AMC Networks Misses Q3 Earnings Expectations As Low Ratings Hurt Sales

Low ratings for shows including Fear The Walking Dead helped to undermine AMC Networks’ just-released Q3 financials, which fell short of most analysts’ expectations.

Company shares are down 2.8% in pre-market trading.

The programming company generated $65.4 million in net income, down 10.1% vs the period last year, on revenues of $634.6 million, up 0.4%. The top line missed Wall Street’s forecast for $660.6 million.

And earnings at 91 cents a share were well below the $1.02 that analysts anticipated.

“We continued to execute on our long-term strategic goals during the third quarter,” CEO Josh Sapan says. He says the company remains “on track to deliver solid results for full year 2016.”

In addition, he says, AMC is being picked up by “emerging streaming TV offerings, most recently joining the new DirecTV Now service, in addition to Sling TV and Sony’s PlayStation VUE.” That “provides us with substantial economic benefits and positions us well for long-term success and growth.”

Operating income at the National Networks fell 19.6% to $139.1 million, with revenues up 0.8% to $525.7 million. Income from pay TV distributions increased 8.0% due in part to AMC’s price increases.

But ad sales dropped 9.9% which the company says “primarily reflected declines at AMC principally related to lower ratings.”

Meanwhile the company shouldered higher programming costs, as well as a $19 million write-down for unspecified shows and “an increase in restructuring expense.” AMC had a $12 million write-down in last year’s Q3.

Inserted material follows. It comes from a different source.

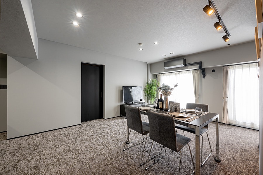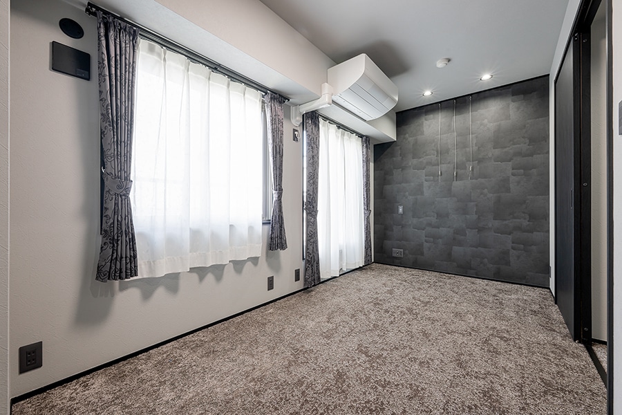 ダークグレーのカーペットにブラックオークの建具、間接照明を組み合わせることで、高級ホテルの一室のようなシックで洗練された雰囲気を演出しました。

At the International and Other segment — which includes IFC Films — the operating loss increased 50.3% to $16.7 million with revenues mostly flat at $114.0 million. The film operation was the culprit: AMC says that revenues were up at AMC Networks Intrnational, but down at IFC Films.

The period also included an increase in restructuring expenses.

AMC shares are down nearly 34% this year as investors question whether the company can develop a show popular enough to sustain the success it saw with The Walking Dead.